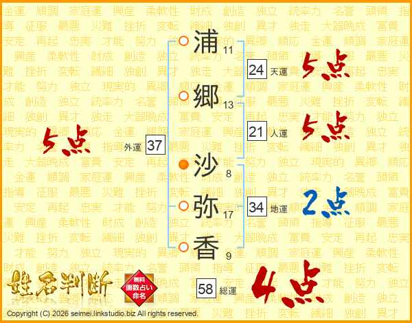 浦郷沙弥香さんの総運は58画の4点!
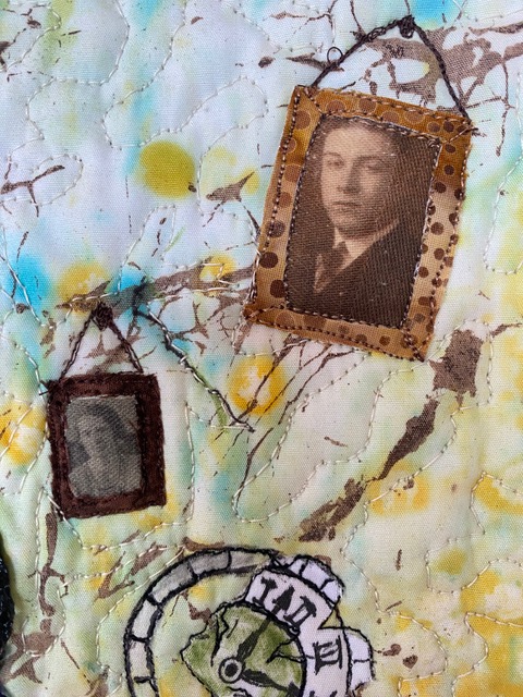 10. You have really outdone yourself with the number of decayed items in this quilt. So many techniques used in one small piece, so many different materials. Love your use of old family pictures here. A great piece!
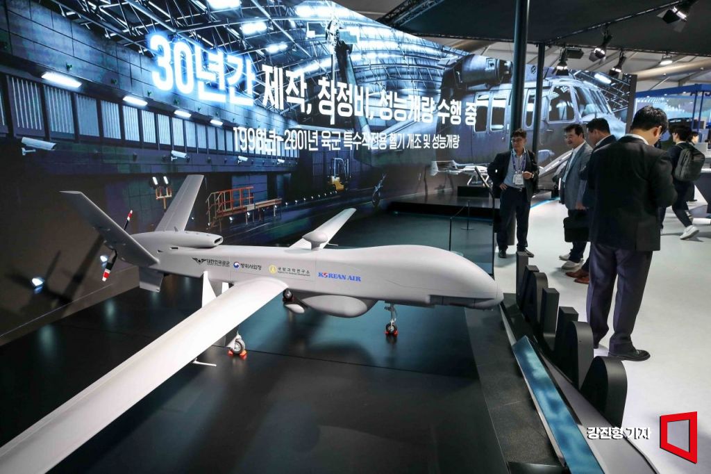 2일 충남 계룡대에서 열린 '대한민국 국제방위산업전시회'에서 대한항공의 고성능 전략 무인기가 전시돼 있다.
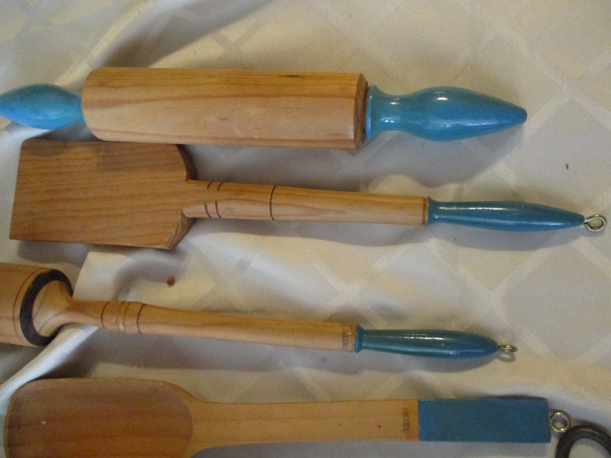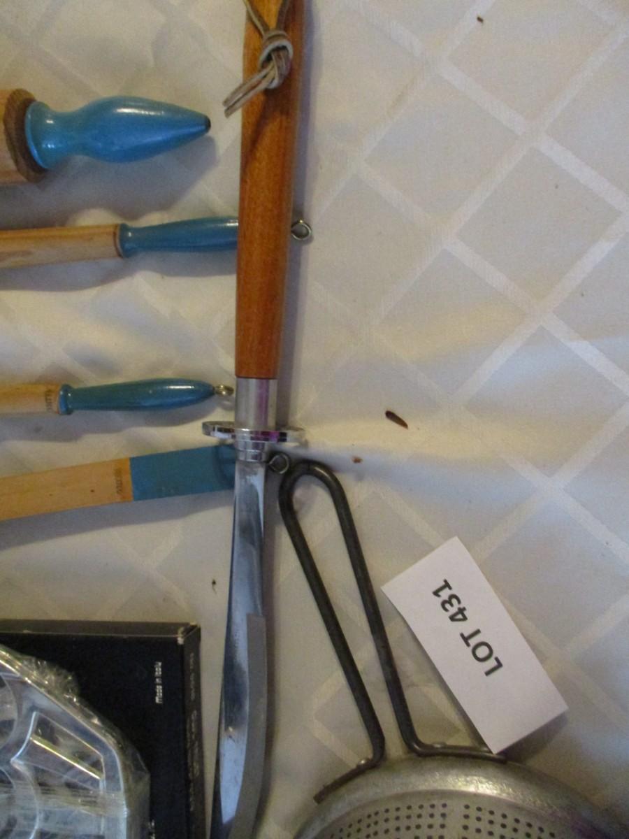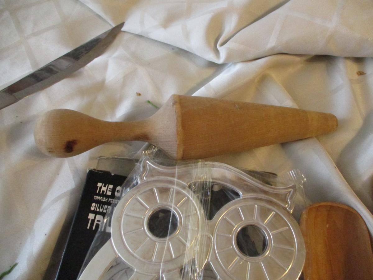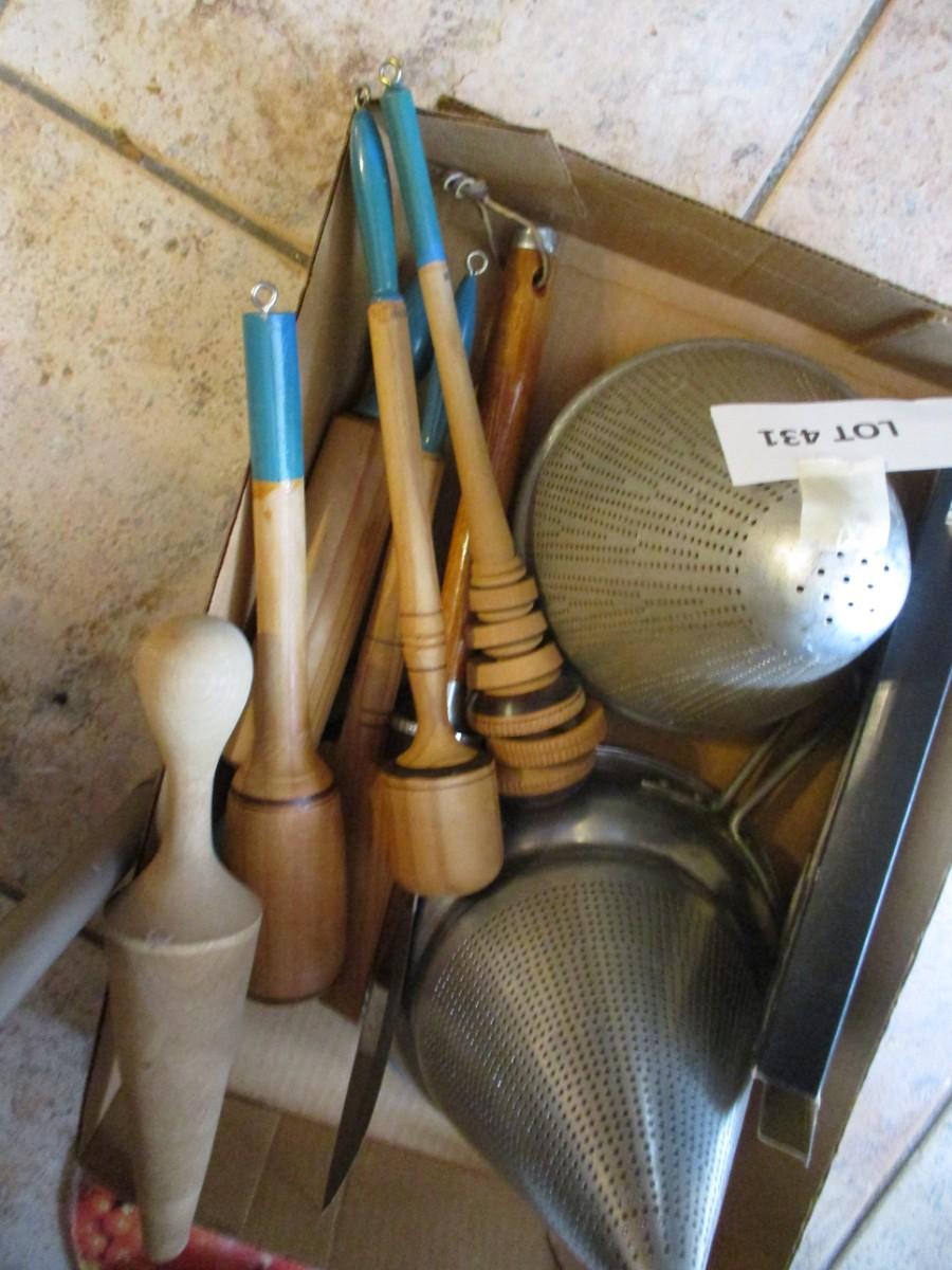 Sieve with pestle, Trivet, small rolling pine and utensil,

--*--

• _WHAT YOU HAVE TO DO_:
All of the material above should be reproduced exactly, except the pictures.

• _YOUR SOLUTION_:
 浦郷沙弥香さんの総運は58画の4点!
 10. You have really outdone yourself with the number of decayed items in this quilt. So many techniques used in one small piece, so many different materials. Love your use of old family pictures here. A great piece!
 2일 충남 계룡대에서 열린 '대한민국 국제방위산업전시회'에서 대한항공의 고성능 전략 무인기가 전시돼 있다.
 Sieve with pestle, Trivet, small rolling pine and utensil,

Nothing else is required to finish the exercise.